_Task instructions:_ Extract only the lines from the start of the entries below to the line with "Bougie artisanale parfumée", inclusive; omit every picture.

_Exercise data:_

-.-.-

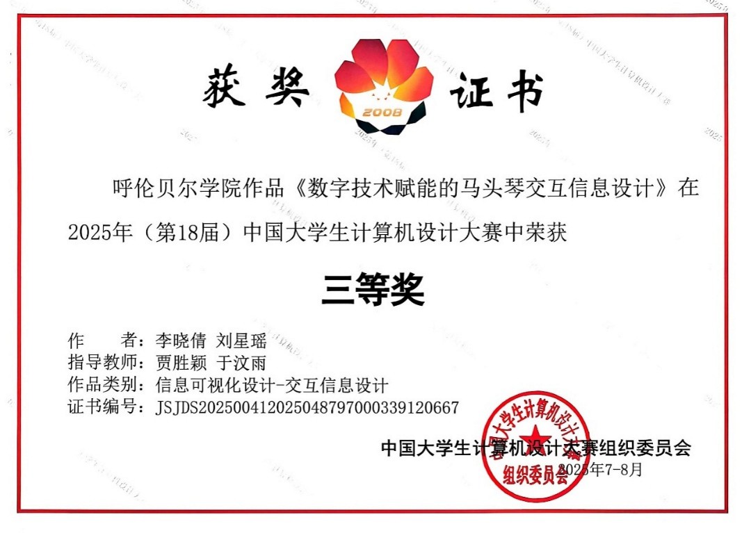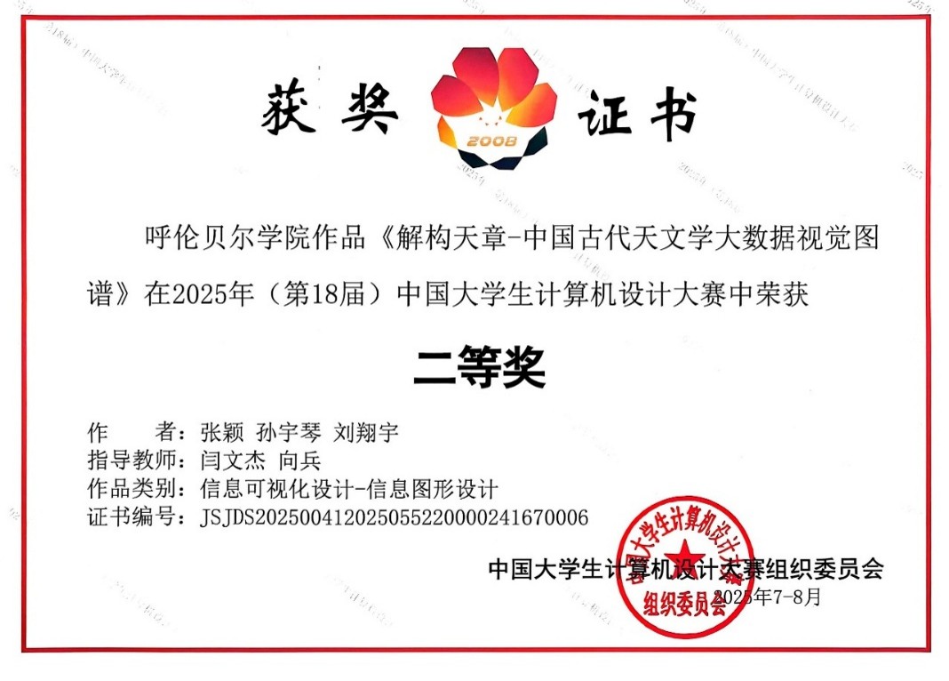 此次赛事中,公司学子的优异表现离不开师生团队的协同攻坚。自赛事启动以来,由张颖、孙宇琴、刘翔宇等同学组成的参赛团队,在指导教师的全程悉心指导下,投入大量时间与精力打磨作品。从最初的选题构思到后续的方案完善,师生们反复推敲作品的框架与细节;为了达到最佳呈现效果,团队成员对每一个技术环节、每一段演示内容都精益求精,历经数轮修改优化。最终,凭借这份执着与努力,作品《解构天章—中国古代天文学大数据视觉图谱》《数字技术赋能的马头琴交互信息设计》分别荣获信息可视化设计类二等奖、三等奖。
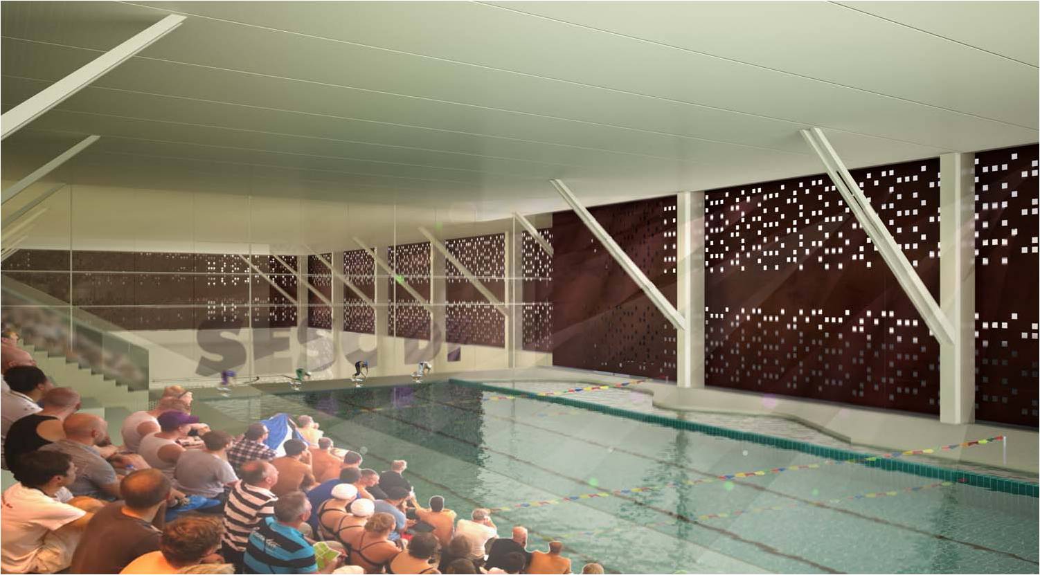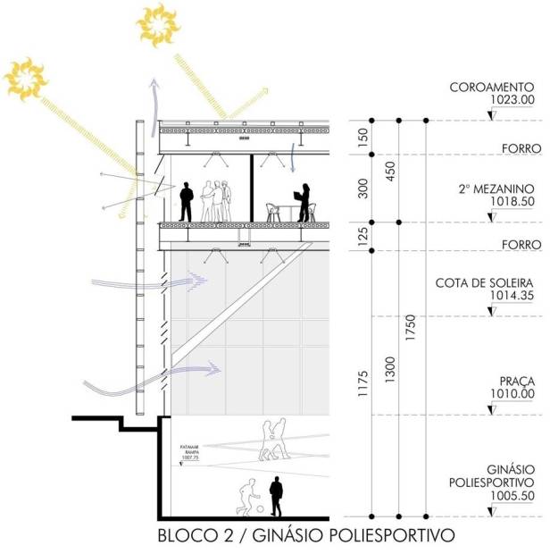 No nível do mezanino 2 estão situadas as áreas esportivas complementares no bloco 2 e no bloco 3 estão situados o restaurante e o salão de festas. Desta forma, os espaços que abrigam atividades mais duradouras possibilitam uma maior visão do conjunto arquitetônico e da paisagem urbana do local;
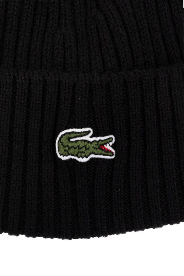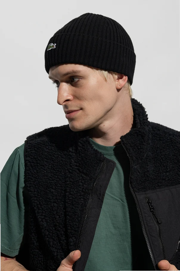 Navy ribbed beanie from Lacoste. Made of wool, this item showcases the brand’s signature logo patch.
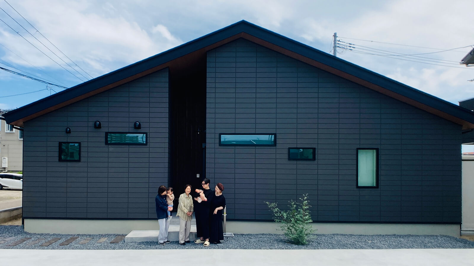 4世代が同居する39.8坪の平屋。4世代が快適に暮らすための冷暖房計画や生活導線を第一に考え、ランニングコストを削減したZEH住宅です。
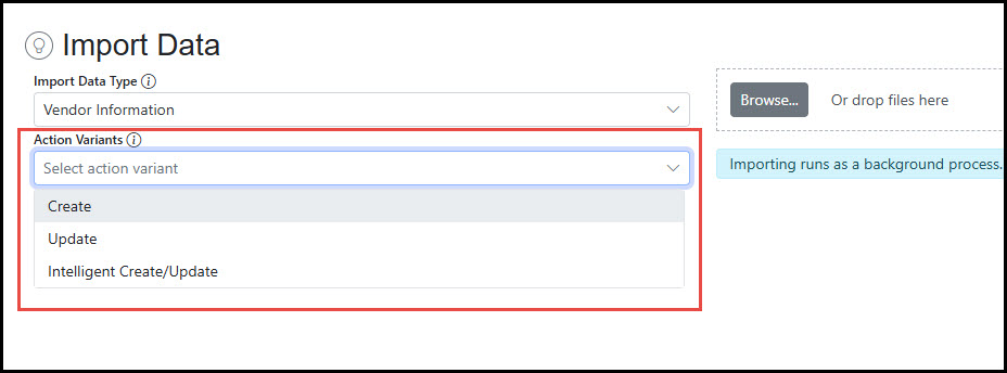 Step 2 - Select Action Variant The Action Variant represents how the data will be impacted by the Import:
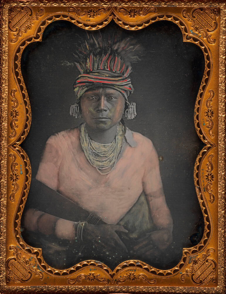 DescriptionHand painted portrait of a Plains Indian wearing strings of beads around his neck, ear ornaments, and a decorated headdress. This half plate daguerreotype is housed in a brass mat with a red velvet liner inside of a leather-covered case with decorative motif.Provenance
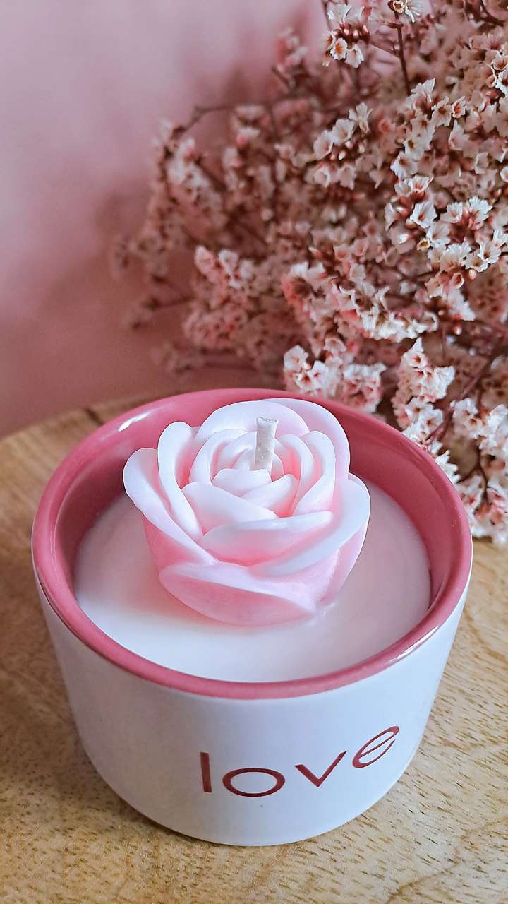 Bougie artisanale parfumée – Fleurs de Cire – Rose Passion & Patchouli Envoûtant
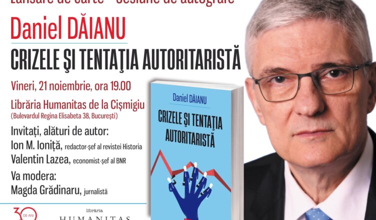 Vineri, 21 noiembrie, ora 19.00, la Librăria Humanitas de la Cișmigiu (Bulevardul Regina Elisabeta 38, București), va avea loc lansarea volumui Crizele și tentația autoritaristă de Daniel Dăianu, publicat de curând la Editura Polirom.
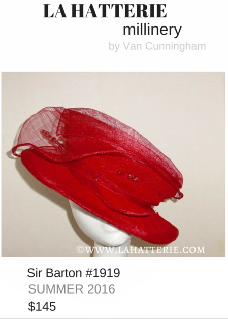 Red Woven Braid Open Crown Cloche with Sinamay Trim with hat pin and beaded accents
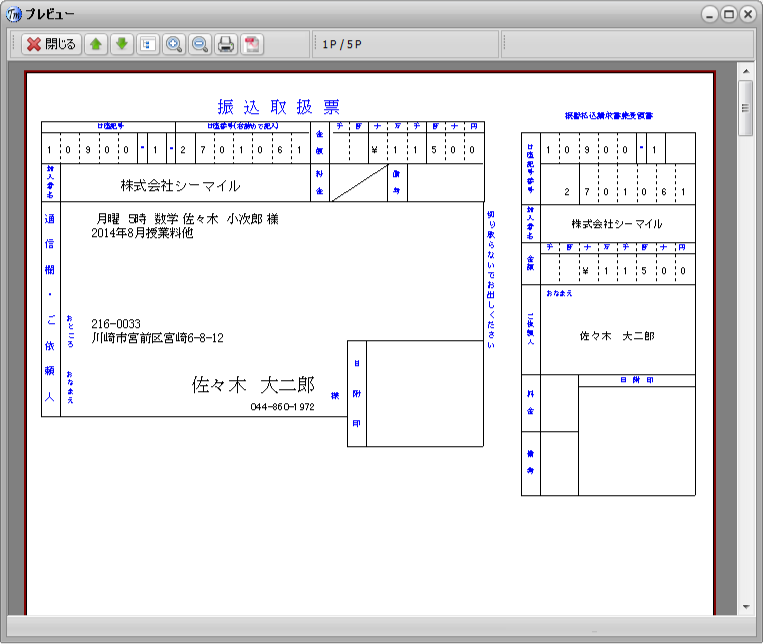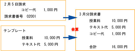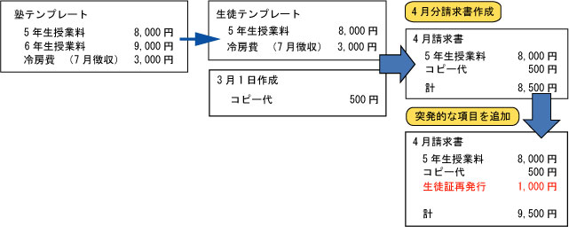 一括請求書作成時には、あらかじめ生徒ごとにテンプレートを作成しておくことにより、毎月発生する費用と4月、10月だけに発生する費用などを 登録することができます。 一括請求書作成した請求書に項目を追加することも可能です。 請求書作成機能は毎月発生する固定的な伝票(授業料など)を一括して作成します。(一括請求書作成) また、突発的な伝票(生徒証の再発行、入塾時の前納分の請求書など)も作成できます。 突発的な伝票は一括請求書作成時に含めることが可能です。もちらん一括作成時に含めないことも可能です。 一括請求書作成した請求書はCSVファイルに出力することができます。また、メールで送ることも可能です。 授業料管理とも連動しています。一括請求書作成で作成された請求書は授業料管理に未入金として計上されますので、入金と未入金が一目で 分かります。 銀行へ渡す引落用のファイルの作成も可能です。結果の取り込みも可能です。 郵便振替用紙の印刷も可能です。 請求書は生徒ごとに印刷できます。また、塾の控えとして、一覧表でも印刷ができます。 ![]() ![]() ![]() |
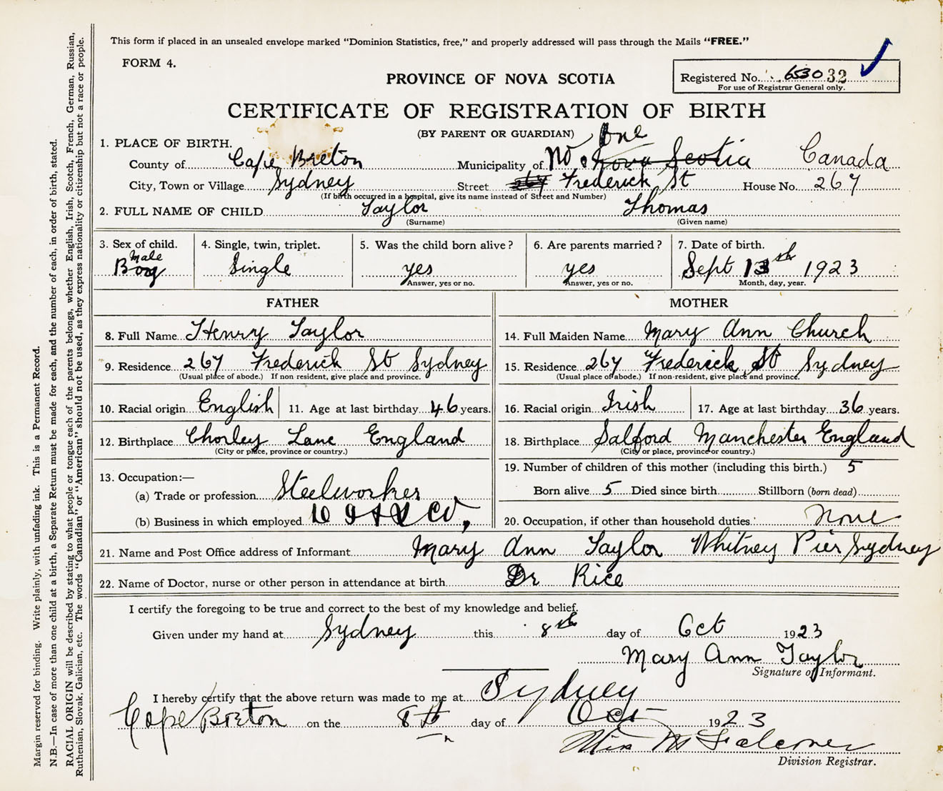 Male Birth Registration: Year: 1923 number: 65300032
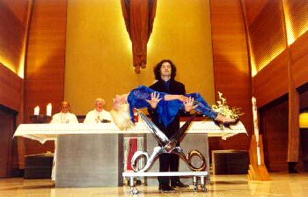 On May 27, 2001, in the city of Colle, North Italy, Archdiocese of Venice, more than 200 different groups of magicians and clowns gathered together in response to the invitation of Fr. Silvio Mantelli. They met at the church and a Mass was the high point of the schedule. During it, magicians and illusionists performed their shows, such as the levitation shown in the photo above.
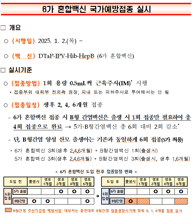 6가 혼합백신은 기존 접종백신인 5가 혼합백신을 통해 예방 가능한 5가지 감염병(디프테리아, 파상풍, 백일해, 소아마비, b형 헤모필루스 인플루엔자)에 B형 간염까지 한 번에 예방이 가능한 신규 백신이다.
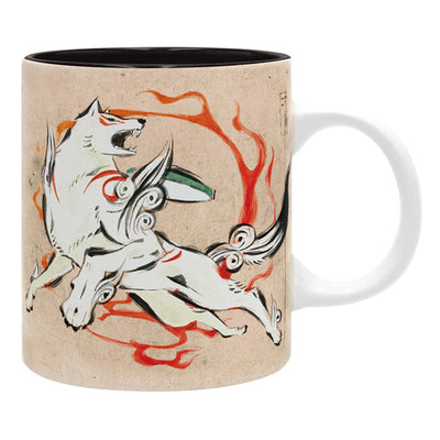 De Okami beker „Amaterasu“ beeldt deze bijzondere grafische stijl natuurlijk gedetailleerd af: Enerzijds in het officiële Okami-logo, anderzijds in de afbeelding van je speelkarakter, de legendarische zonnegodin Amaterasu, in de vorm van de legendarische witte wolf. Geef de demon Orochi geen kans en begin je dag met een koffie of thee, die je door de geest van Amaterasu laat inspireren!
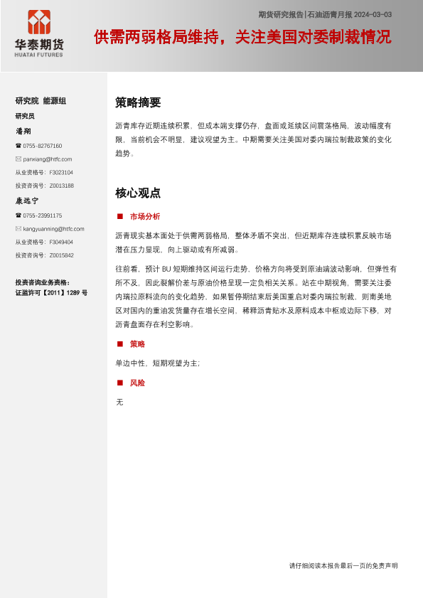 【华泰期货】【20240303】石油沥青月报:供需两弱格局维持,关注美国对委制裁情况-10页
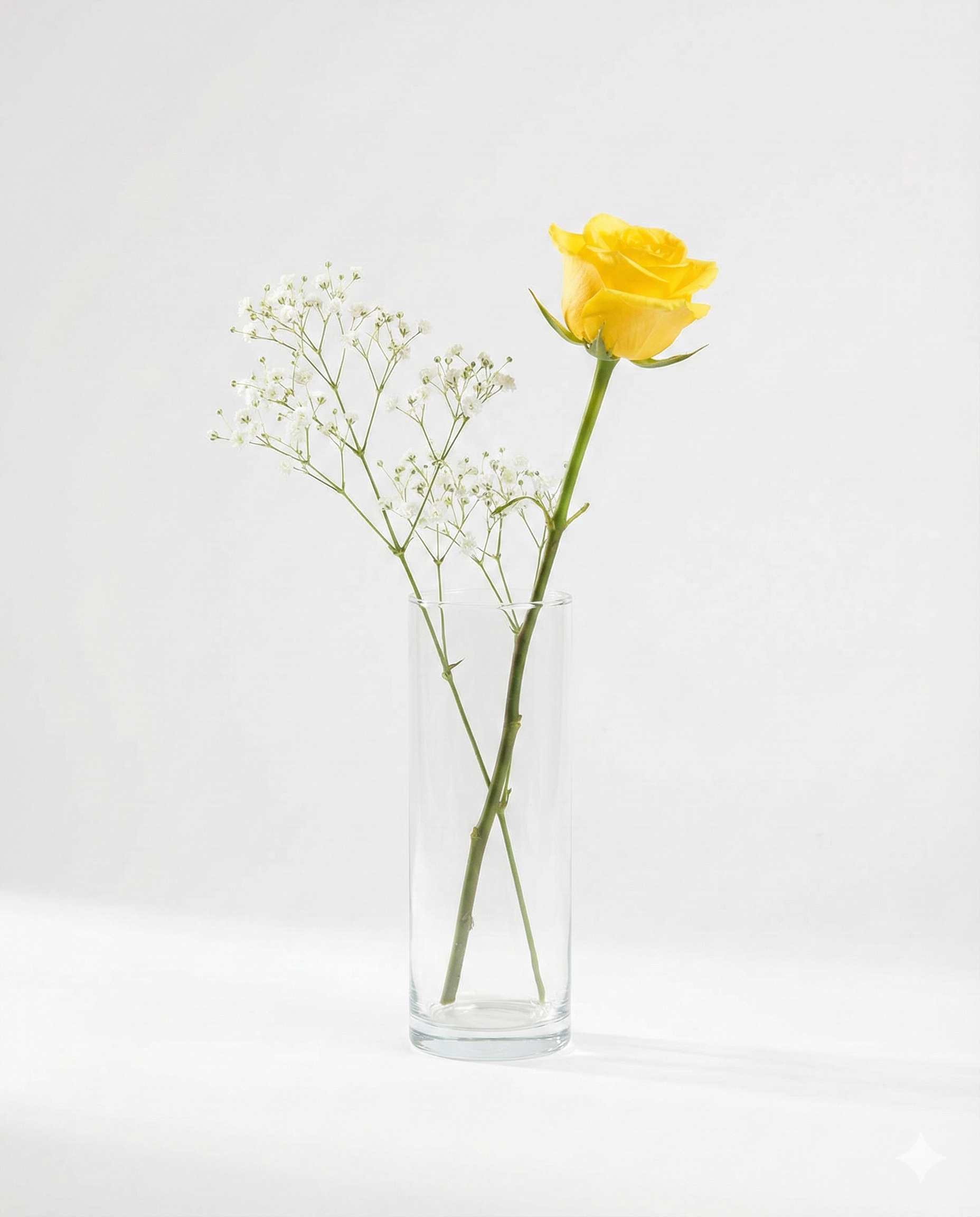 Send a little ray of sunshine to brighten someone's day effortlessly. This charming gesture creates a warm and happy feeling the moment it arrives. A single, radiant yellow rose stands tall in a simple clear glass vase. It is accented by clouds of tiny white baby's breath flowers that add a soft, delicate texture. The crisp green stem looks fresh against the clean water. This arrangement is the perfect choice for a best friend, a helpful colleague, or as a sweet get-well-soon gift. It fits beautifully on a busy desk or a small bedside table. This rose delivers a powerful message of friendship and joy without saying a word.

-.-.-

_Solved exercise:_
 此次赛事中,公司学子的优异表现离不开师生团队的协同攻坚。自赛事启动以来,由张颖、孙宇琴、刘翔宇等同学组成的参赛团队,在指导教师的全程悉心指导下,投入大量时间与精力打磨作品。从最初的选题构思到后续的方案完善,师生们反复推敲作品的框架与细节;为了达到最佳呈现效果,团队成员对每一个技术环节、每一段演示内容都精益求精,历经数轮修改优化。最终,凭借这份执着与努力,作品《解构天章—中国古代天文学大数据视觉图谱》《数字技术赋能的马头琴交互信息设计》分别荣获信息可视化设计类二等奖、三等奖。
 No nível do mezanino 2 estão situadas as áreas esportivas complementares no bloco 2 e no bloco 3 estão situados o restaurante e o salão de festas. Desta forma, os espaços que abrigam atividades mais duradouras possibilitam uma maior visão do conjunto arquitetônico e da paisagem urbana do local;
 Navy ribbed beanie from Lacoste. Made of wool, this item showcases the brand’s signature logo patch.
 4世代が同居する39.8坪の平屋。4世代が快適に暮らすための冷暖房計画や生活導線を第一に考え、ランニングコストを削減したZEH住宅です。
 Step 2 - Select Action Variant The Action Variant represents how the data will be impacted by the Import:
 DescriptionHand painted portrait of a Plains Indian wearing strings of beads around his neck, ear ornaments, and a decorated headdress. This half plate daguerreotype is housed in a brass mat with a red velvet liner inside of a leather-covered case with decorative motif.Provenance
 Bougie artisanale parfumée – Fleurs de Cire – Rose Passion & Patchouli Envoûtant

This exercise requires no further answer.